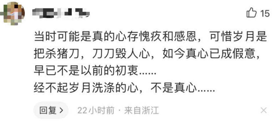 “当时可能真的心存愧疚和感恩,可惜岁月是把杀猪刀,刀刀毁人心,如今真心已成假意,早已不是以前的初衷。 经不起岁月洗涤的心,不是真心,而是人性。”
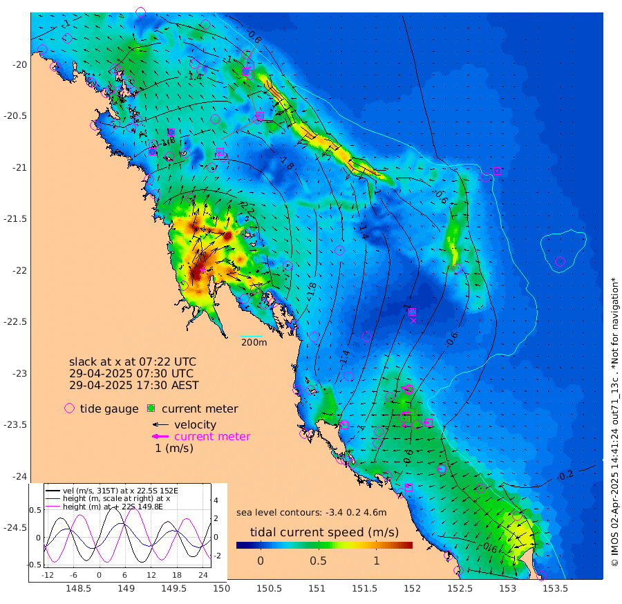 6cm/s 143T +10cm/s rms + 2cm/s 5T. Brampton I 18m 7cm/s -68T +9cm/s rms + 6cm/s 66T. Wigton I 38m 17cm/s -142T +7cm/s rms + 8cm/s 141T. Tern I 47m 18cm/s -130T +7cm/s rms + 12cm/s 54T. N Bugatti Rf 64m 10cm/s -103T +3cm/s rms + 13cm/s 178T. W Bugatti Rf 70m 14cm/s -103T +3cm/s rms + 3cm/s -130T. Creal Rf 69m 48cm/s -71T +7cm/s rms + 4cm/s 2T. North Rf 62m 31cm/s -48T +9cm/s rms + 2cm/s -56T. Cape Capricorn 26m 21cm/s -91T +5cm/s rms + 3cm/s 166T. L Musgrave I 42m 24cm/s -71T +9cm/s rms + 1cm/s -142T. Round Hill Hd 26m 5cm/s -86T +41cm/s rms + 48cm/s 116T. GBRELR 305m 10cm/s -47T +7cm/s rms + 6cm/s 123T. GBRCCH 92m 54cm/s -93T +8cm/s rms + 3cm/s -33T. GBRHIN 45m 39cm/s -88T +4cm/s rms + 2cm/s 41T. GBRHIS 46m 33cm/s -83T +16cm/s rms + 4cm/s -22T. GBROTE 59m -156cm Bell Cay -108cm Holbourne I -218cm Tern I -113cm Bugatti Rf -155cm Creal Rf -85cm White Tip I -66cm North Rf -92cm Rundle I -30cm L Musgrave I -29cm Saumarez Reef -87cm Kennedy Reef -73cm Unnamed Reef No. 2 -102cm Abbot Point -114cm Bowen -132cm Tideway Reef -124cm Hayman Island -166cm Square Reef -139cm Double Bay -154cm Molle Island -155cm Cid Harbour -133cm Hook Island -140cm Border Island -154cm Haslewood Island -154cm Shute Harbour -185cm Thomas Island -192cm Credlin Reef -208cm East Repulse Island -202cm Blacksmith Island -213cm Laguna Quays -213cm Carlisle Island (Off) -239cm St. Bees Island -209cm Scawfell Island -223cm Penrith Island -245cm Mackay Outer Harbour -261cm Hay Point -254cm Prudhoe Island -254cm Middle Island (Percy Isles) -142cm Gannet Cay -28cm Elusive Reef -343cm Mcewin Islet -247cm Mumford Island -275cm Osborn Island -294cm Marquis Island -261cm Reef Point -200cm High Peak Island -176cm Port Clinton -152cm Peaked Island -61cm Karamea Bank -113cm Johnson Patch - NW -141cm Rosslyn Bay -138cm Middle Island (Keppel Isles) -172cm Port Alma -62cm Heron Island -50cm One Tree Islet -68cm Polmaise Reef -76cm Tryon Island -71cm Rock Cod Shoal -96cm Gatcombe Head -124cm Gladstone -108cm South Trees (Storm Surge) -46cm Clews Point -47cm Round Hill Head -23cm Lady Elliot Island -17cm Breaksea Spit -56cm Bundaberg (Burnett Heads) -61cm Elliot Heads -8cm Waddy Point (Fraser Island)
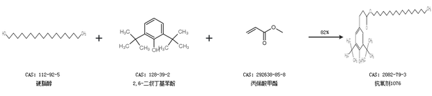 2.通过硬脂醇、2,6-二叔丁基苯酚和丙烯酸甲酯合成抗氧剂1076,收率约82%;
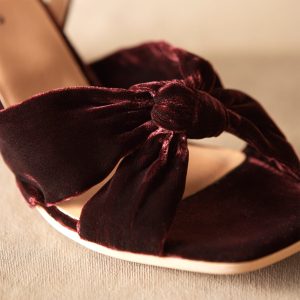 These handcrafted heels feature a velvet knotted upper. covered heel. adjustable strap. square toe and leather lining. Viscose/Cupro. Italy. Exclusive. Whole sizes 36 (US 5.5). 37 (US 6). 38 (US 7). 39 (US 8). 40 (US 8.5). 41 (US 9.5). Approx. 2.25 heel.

- - - -

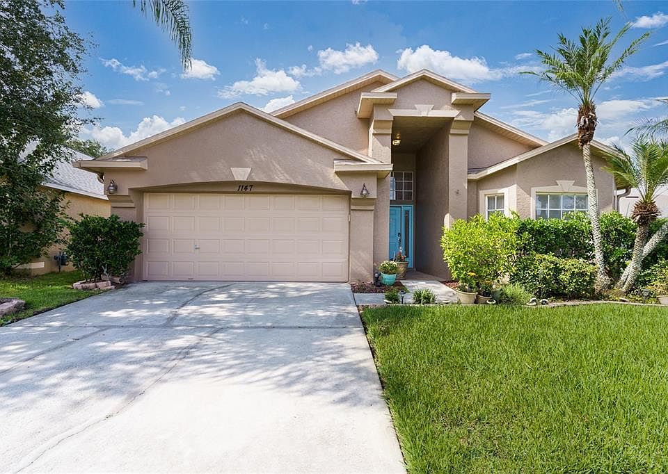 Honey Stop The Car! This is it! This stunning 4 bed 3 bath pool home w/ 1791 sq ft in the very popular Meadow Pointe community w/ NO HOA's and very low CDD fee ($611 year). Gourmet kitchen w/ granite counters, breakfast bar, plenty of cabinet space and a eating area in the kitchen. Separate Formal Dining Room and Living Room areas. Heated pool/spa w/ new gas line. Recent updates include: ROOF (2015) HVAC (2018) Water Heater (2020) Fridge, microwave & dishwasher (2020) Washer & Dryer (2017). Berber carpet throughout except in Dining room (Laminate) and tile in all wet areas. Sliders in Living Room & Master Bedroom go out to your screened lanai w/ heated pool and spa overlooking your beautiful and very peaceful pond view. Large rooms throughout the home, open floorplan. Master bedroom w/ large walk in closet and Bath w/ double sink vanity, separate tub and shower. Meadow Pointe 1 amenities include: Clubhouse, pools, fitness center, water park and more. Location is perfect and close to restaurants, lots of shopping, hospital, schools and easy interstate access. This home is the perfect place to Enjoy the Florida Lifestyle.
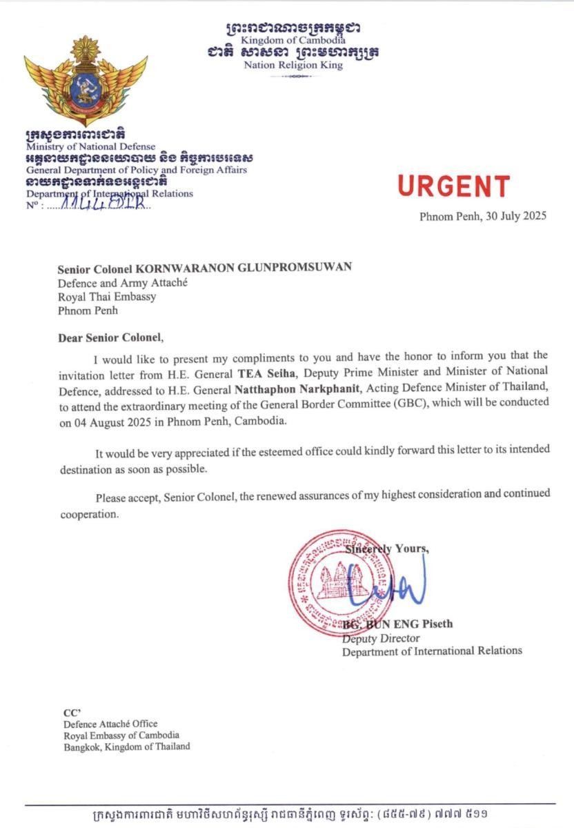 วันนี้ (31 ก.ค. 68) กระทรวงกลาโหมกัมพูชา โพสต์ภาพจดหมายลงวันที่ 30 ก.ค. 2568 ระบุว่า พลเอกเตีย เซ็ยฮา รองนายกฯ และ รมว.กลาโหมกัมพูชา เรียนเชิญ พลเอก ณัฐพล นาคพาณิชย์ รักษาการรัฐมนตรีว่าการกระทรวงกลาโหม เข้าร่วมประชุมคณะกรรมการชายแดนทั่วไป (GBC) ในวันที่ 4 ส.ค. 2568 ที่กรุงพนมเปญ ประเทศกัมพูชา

- - - -

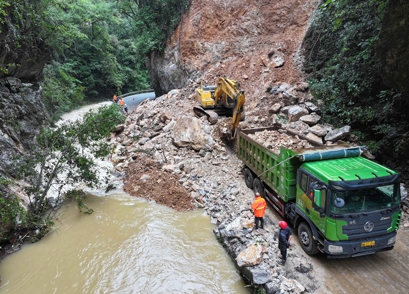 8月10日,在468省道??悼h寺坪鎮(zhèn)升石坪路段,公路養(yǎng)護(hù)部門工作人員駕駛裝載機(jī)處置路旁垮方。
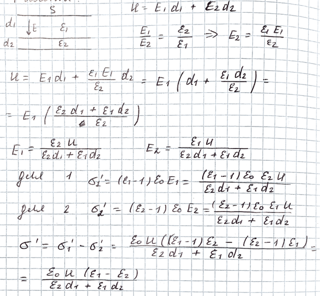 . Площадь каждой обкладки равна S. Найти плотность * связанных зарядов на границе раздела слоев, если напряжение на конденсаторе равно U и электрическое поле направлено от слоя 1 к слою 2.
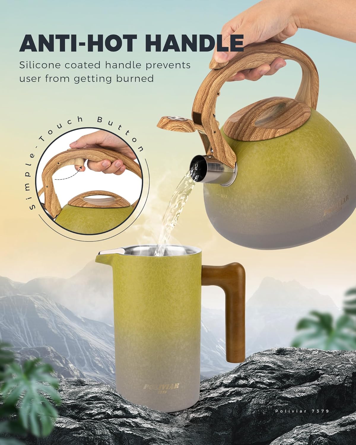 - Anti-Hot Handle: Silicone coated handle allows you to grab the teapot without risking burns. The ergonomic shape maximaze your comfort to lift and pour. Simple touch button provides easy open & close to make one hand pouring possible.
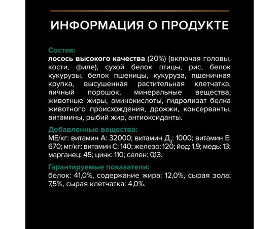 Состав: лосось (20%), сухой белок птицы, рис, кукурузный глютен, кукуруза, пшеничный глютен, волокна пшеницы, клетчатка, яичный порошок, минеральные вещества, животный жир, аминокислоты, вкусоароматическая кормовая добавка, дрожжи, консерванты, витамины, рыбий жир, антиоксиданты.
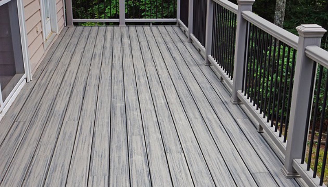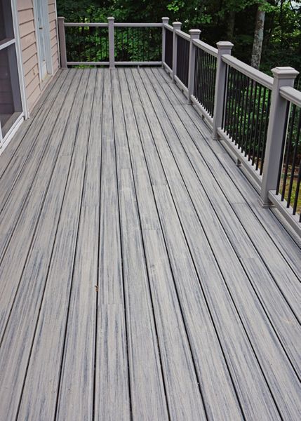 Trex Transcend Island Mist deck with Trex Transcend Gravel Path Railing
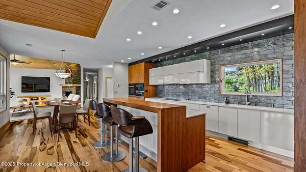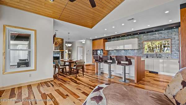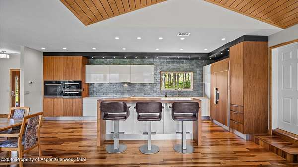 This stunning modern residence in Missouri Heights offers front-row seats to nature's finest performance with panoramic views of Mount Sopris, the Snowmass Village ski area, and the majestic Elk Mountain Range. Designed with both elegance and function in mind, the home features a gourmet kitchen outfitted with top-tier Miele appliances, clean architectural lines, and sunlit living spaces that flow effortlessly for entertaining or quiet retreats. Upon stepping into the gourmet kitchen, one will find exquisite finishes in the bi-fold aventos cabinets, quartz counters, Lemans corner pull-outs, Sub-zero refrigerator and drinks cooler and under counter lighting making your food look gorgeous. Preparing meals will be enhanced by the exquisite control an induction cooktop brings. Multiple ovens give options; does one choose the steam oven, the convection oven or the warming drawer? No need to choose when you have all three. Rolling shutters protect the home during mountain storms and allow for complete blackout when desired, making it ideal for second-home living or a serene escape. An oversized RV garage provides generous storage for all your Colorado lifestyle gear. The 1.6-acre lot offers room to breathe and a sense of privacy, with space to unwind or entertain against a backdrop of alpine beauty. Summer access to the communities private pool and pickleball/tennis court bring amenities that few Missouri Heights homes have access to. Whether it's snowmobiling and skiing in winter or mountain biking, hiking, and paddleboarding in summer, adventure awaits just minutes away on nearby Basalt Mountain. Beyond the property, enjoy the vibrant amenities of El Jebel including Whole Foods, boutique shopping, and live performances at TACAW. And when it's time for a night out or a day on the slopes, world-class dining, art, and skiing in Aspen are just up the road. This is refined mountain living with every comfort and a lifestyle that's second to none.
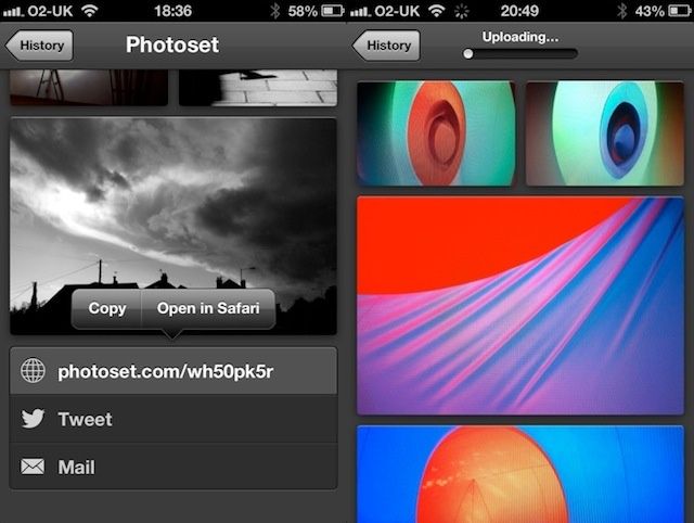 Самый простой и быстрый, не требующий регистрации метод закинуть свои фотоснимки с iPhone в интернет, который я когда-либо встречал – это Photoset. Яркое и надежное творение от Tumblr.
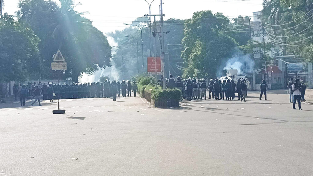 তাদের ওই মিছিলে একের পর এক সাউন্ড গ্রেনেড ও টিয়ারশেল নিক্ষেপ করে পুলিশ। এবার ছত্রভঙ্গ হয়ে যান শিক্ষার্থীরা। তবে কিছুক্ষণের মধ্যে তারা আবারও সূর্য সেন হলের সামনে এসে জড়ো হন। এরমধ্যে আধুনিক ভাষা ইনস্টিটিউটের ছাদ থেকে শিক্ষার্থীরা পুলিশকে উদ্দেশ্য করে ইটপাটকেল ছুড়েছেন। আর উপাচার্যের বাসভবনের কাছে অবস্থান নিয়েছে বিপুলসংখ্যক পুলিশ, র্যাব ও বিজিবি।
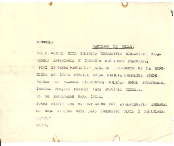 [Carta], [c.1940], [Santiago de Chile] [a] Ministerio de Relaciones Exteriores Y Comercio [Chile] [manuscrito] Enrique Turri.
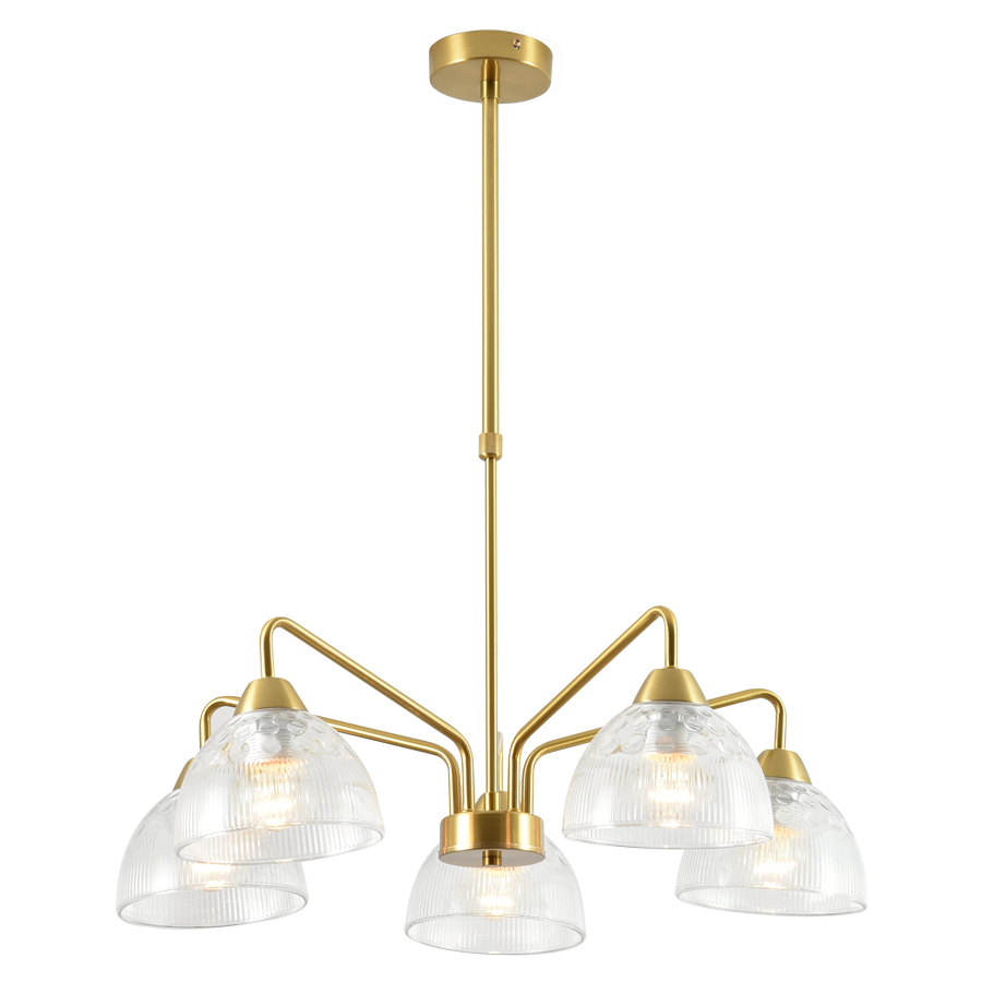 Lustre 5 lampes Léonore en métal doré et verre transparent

- - - -

**EXERCISE REQUIREMENTS**
For this exercise, set down the lines in the entries above from the one with "8月10日,在468省道??" through the one with "1 к слою 2." exactly as written, without any pictures.

**RESPONSE BELOW**
 8月10日,在468省道??悼h寺坪鎮(zhèn)升石坪路段,公路養(yǎng)護(hù)部門工作人員駕駛裝載機(jī)處置路旁垮方。
 . Площадь каждой обкладки равна S. Найти плотность * связанных зарядов на границе раздела слоев, если напряжение на конденсаторе равно U и электрическое поле направлено от слоя 1 к слою 2.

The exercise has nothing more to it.